To the Editor
An 11-year-old male was successfully induced for a cleft palate repair. After insertion of the endotracheal tube, a marked change in pulmonary compliance was noted. The endotracheal tube was replaced on 2 separate occasions and albuterol was administered because of a presumptive diagnosis of bronchospastic disease. When none of these therapeutic interventions were successful in ameliorating the change in compliance, a careful inspection of the anesthesia circuit was then conducted. This inspection revealed a partial obstruction from a Luer adaptor that was designed to fit over the carbon dioxide sampling port.
This Luer adaptor had been impacted in the elbow of the circuit. This occurred because of a process deficiency during the reprocessing of the anesthesia circuit. It should be noted that the hospital had decided to utilize a pasteurization process for reusing anesthesia circuit tubing and bags as a cost-containing measure.

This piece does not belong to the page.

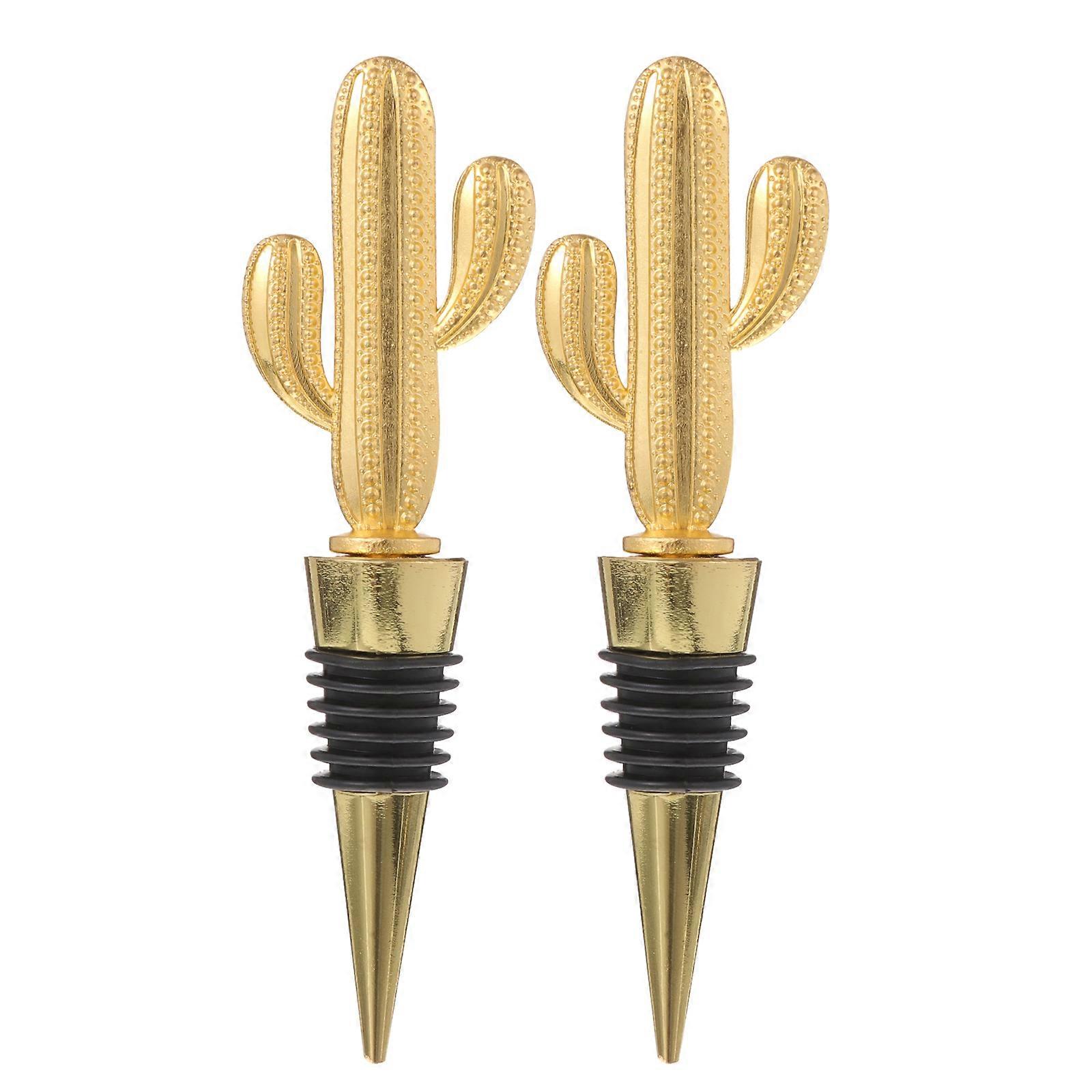 2pcs Creative Cactus Wine Stoppers Champagne Stoppers for Party Wedding (Golden)

The obstruction in the elbow of the anesthesia circuit was not detected because the automated anesthesia machine checkout process for the Datex Ohmeda unit was proximal to the circuit elbow.
Fortunately, the partial obstruction in the anesthesia circuit was discovered in a timely fashion, and an untoward patient outcome was averted. Institutions considering changing from a disposable circuit to a reusable (pasteurization) process need to be sure that the reprocessing procedure assures that no pieces of equipment are inappropriately placed in the anesthesia circuit.